Excerpted records:
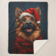 Deutscher Hirte in einer Weihnachtsmannmütze Sherpadecke
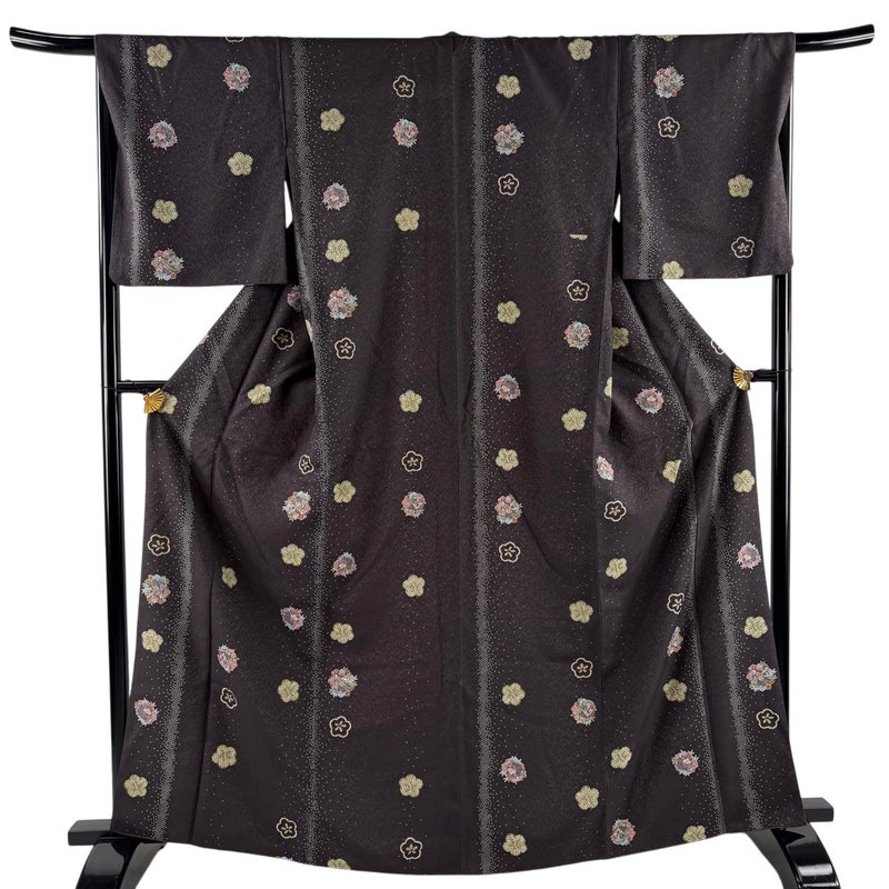 お洒落着として楽しめる小紋でございます。 お稽古や観劇、同窓会や友人との食事会など様々なシーンで楽しめます。 ※身丈・裄丈の縫込みの長さは測っておりません。 表地所々にシワ、表地所々に金彩の変色がございます。 リユース品としては良い状態で、まだまだご活用頂けると思われます。 ※なお、厳しく商品の状態確認を行っておりますが、記載の汚れ以外にも見落とし箇所がある可能性がある旨ご了承いただけますと幸いです。 沢山の商品の中からご覧いただき誠にありがとうございます。
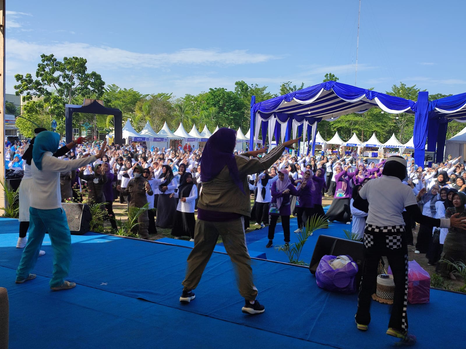 Link, Martapura – Ratusan Kader Posyandu, perwakilan Desa dan Kelurahan se-kabupaten Banjar ikuti senam pagi. Senam pagi ini digelar oleh Pemerintah Kabupaten Banjar melalui Dinas Kesehatan (Dinkes). Dalam rangka Jambore Kader Posyandu, di RTH Ratu Zalecha, Martapura Rabu (22/11/2023) pagi.
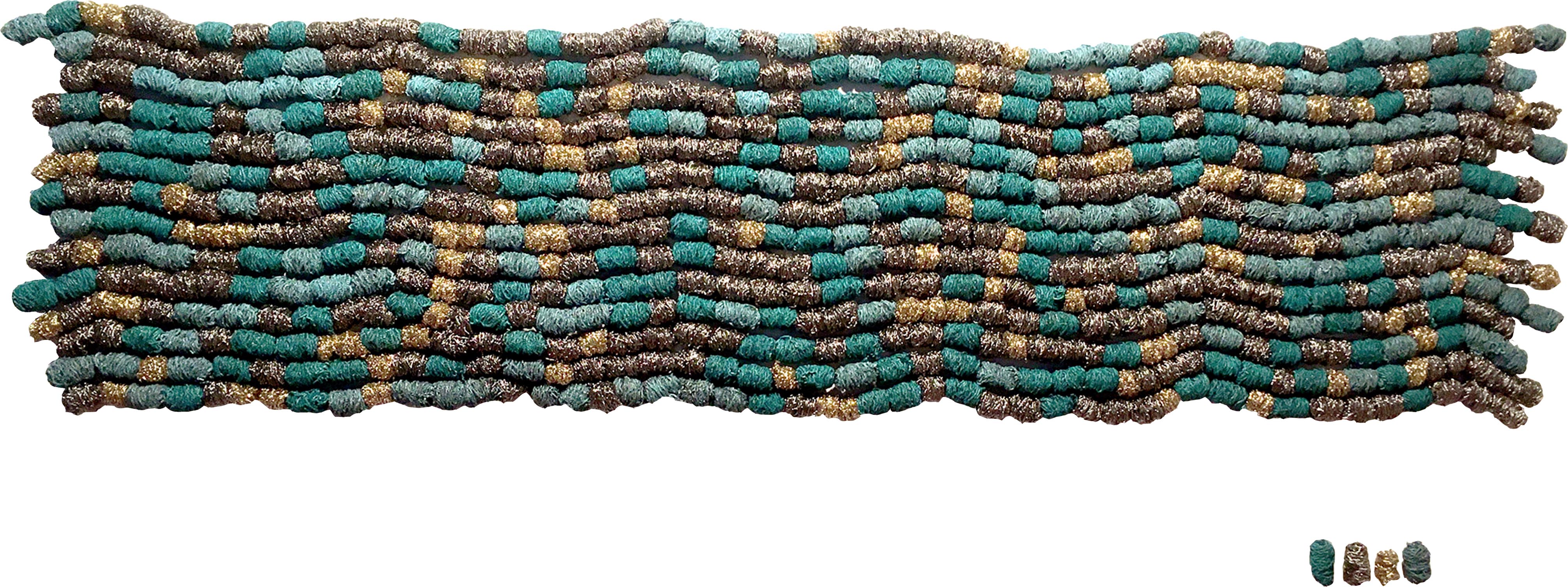 (Caracas, Venezuela, 1953), reside en Tenerife, España. El trabajo desarrollado en la última década nace de la investigación de secuencias genéticas que la artista re-escribe, mediante el uso de diversas prácticas de representación. Presenta dos contundentes tapices -elaborados con materiales industriales-, para configurar plásticamente el ADN de especies endógenas de la flora y fauna en extinción.
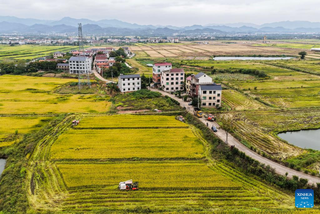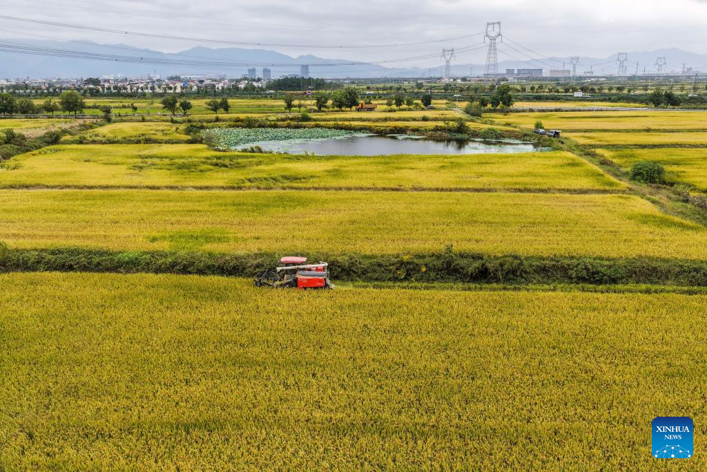 A reaper harvests paddy rice at a high-quality farmland demonstration area in Tangya Town of Jindong District, Jinhua City in east China's Zhejiang Province, on Oct. 22, 2025. (Xinhua/Xu Yu)
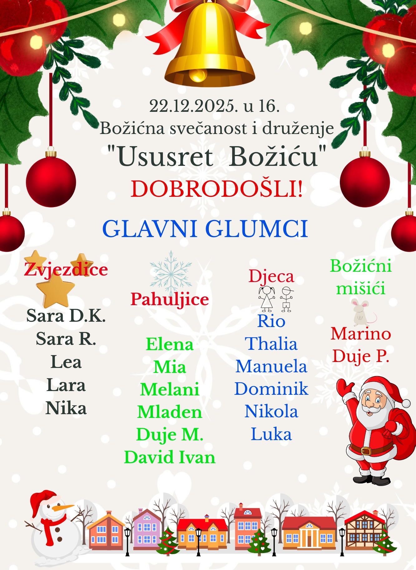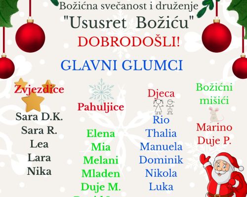22.12. u skupini "Medonjice" održao se glazbeno-scenski nastup za roditelje pod nazivom „Ususret Božiću“.
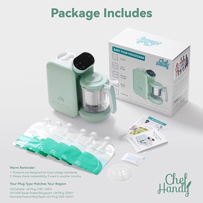 • 【Designed for Convenience with Extra Accessories】This baby food maker with steam and blend includes six baby food pouches and replacement accessories for easy storage and feeding. Built to Last with High-Quality Materials for Long-Term Use.
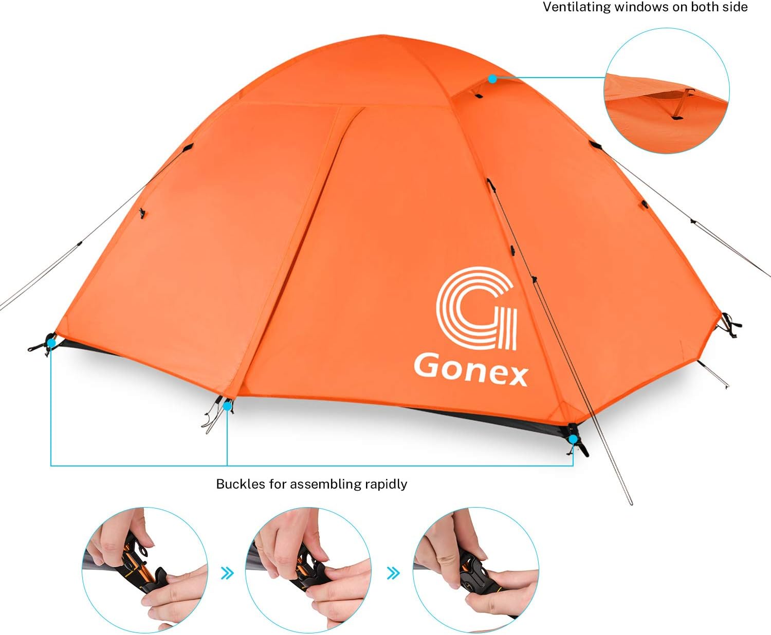 Gonex Lightweight 2 Person Camping Tent, Waterproof Backpacking Tent, Double Layer Dome Tent with Aluminum Poles, Easy Set-Up
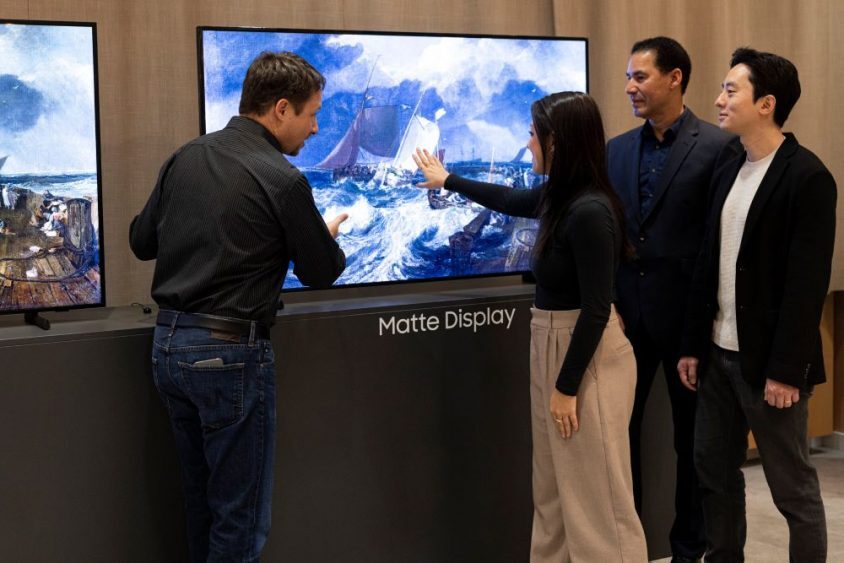▲ 2월 23일(현지시간) 독일 프랑크푸르트에 위치한 삼성전자 독일법인에서 열린 ‘2023 유럽 테크세미나’ 참석자들이 삼성전자의 ‘매트 디스플레이’를 탑재한 ‘더 프레임’ 신제품을 살펴보고 있다.
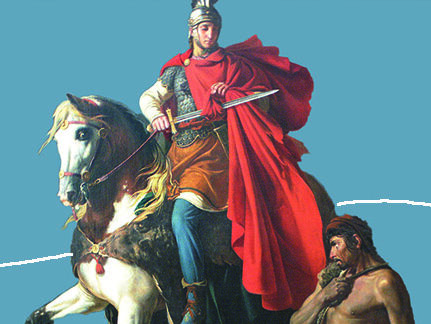 À Amiens, encore catéchumène, il donne la moitié de son manteau à un pauvre (l’autre moitié appartient à l’armée). Il a un songe: le pauvre est Jésus.
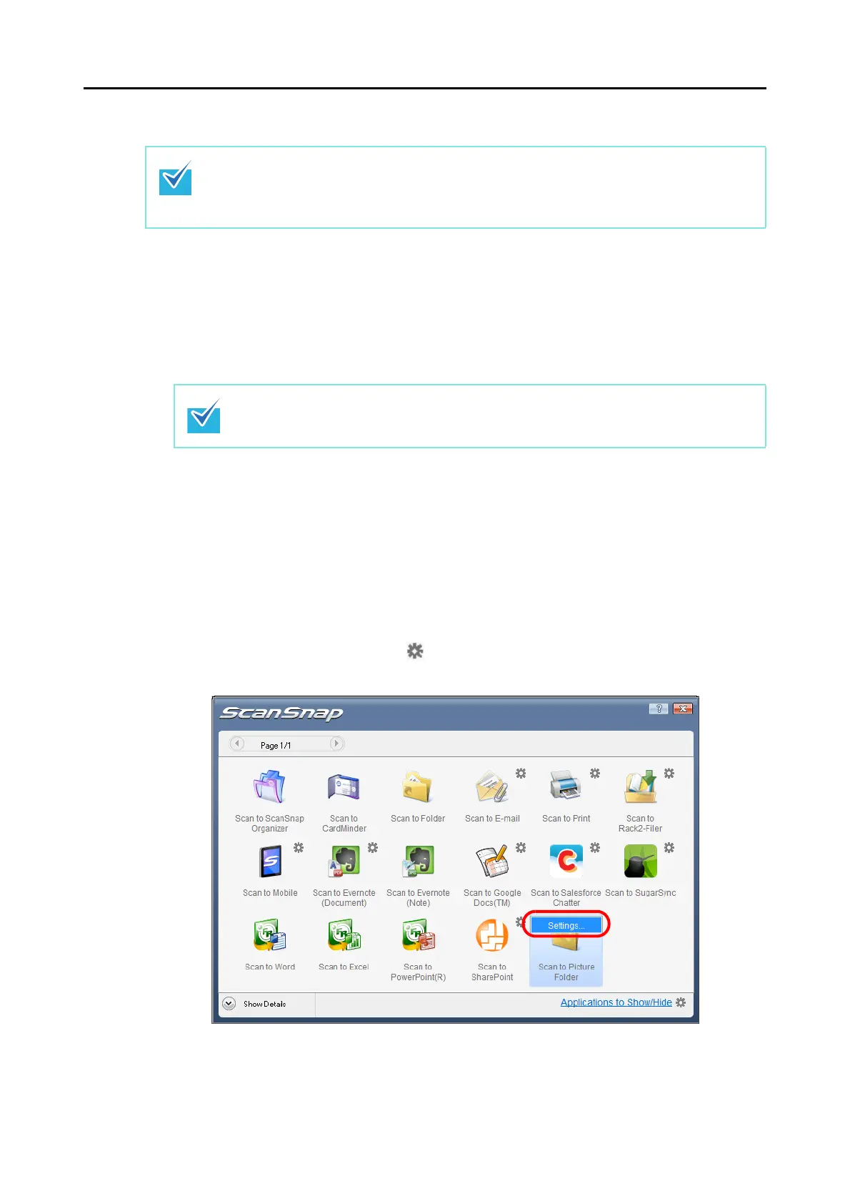 1. Move the mouse cursor to the mark on the [Scan to Picture Folder] icon, and then
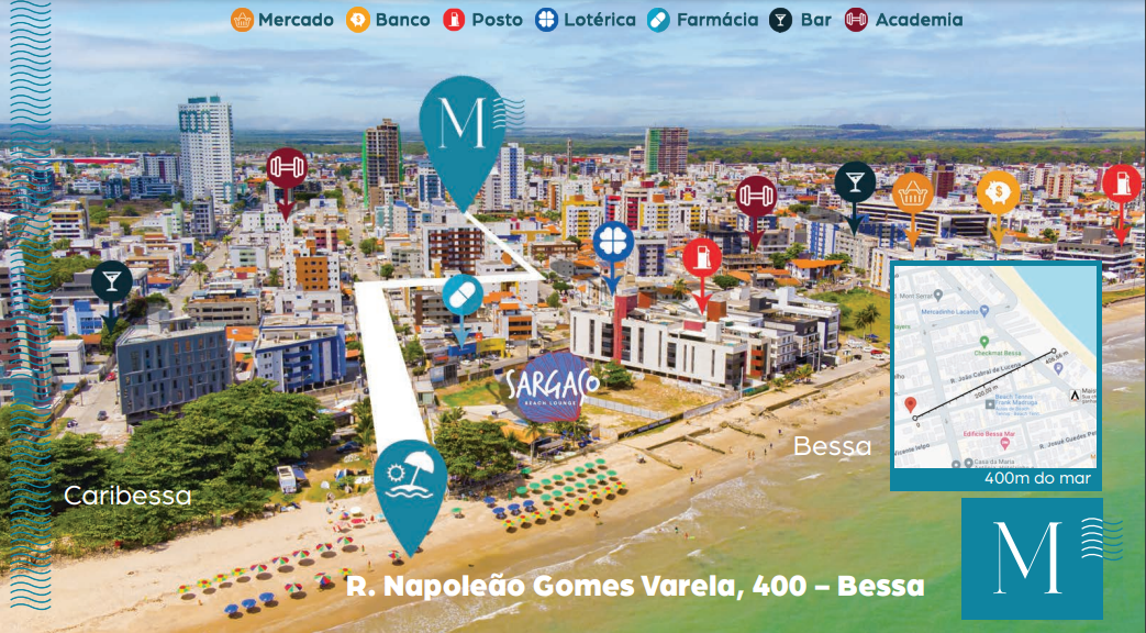 Situado no Bessa, próximo a academias, Padarias, Colégios, Mercados, Restaurante e bares, farmácias, postos de gasolina, lotéricas e apenas a 400m da praia.

Activity:
All of the entries must be reproduced exactly, apart from the pictures, which are to be dropped.

Task output:
 Deutscher Hirte in einer Weihnachtsmannmütze Sherpadecke
 お洒落着として楽しめる小紋でございます。 お稽古や観劇、同窓会や友人との食事会など様々なシーンで楽しめます。 ※身丈・裄丈の縫込みの長さは測っておりません。 表地所々にシワ、表地所々に金彩の変色がございます。 リユース品としては良い状態で、まだまだご活用頂けると思われます。 ※なお、厳しく商品の状態確認を行っておりますが、記載の汚れ以外にも見落とし箇所がある可能性がある旨ご了承いただけますと幸いです。 沢山の商品の中からご覧いただき誠にありがとうございます。
 Link, Martapura – Ratusan Kader Posyandu, perwakilan Desa dan Kelurahan se-kabupaten Banjar ikuti senam pagi. Senam pagi ini digelar oleh Pemerintah Kabupaten Banjar melalui Dinas Kesehatan (Dinkes). Dalam rangka Jambore Kader Posyandu, di RTH Ratu Zalecha, Martapura Rabu (22/11/2023) pagi.
 (Caracas, Venezuela, 1953), reside en Tenerife, España. El trabajo desarrollado en la última década nace de la investigación de secuencias genéticas que la artista re-escribe, mediante el uso de diversas prácticas de representación. Presenta dos contundentes tapices -elaborados con materiales industriales-, para configurar plásticamente el ADN de especies endógenas de la flora y fauna en extinción.
 A reaper harvests paddy rice at a high-quality farmland demonstration area in Tangya Town of Jindong District, Jinhua City in east China's Zhejiang Province, on Oct. 22, 2025. (Xinhua/Xu Yu)
22.12. u skupini "Medonjice" održao se glazbeno-scenski nastup za roditelje pod nazivom „Ususret Božiću“.
 • 【Designed for Convenience with Extra Accessories】This baby food maker with steam and blend includes six baby food pouches and replacement accessories for easy storage and feeding. Built to Last with High-Quality Materials for Long-Term Use.
 Gonex Lightweight 2 Person Camping Tent, Waterproof Backpacking Tent, Double Layer Dome Tent with Aluminum Poles, Easy Set-Up
▲ 2월 23일(현지시간) 독일 프랑크푸르트에 위치한 삼성전자 독일법인에서 열린 ‘2023 유럽 테크세미나’ 참석자들이 삼성전자의 ‘매트 디스플레이’를 탑재한 ‘더 프레임’ 신제품을 살펴보고 있다.
 À Amiens, encore catéchumène, il donne la moitié de son manteau à un pauvre (l’autre moitié appartient à l’armée). Il a un songe: le pauvre est Jésus.
 1. Move the mouse cursor to the mark on the [Scan to Picture Folder] icon, and then
 Situado no Bessa, próximo a academias, Padarias, Colégios, Mercados, Restaurante e bares, farmácias, postos de gasolina, lotéricas e apenas a 400m da praia.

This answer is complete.